President-elect Donald Trump proposed on Tuesday a penalty -- including possible jail time or loss of citizenship -- for burning the American flag, in spite of two US Supreme Court rulings that protect the act under the First Amendment as a form of free speech.
"Nobody should be allowed to burn the American flag -- if they do, there must be consequences -- perhaps loss of citizenship or year in jail!," Trump tweeted.
The Supreme Court twice affirmed the right to desecrate the American flag as a form of free speech -- a historically contentious issue -- in cases before the high court in 1989 and 1990.
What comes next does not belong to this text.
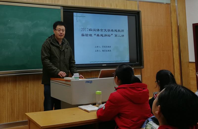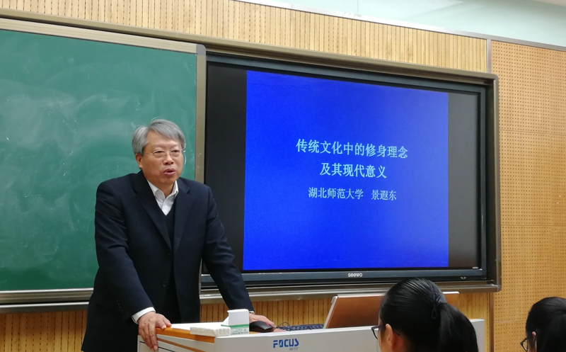 (通讯员:李思颖)2017年11月17日上午8:00,2017级汉语言文学卓越教师实验班在教学八楼8504教室迎来了“卓越讲坛” 第二讲。本次讲座的主题为“传统文化中的修身理念及其现代意义”,由湖北师范大学9428cn太阳集团古天乐经理景遐东教授主讲,卓越班项目主任魏景波教授主持。
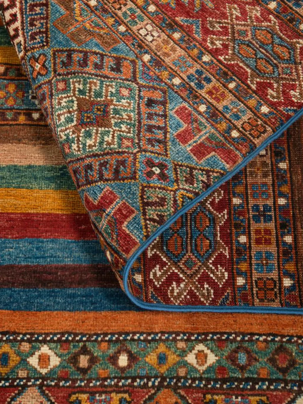 Schal sind farbenfrohe Orientteppiche mit Streifen in vielen verschiedenen Variationen. Einige Teppiche sind längs gestreift und andere quer. Vorbild für diese abwechslungsreichen Streifen ist das persischeMoharamati

In the 1989 case "Texas v. Johnson," the Supreme Court ruled 5-4 that flag burning was a form of "symbolic speech" that was protected by the First Amendment. The ruling was granted after an appeal from Gregory Johnson, who had been convicted by a Texas court of violating a state law that prohibited the "desecration of a venerated object" such as the US flag.
The following year, in "United states v. Eichman," the Supreme Court again affirmed the right to burn the flag when it ruled 7-3 that the Flag Protection Act of 1989 -- passed by Congress in response to the Johnson decision -- was unconstitutional.
When asked about the Supreme Court rulings on CNN's "New Day," Trump transition spokesman Jason Miller did not respond to questions about the constitutional protections of flag burning.
"Flag burning should be illegal," Miller repeatedly told CNN's Chris Cuomo.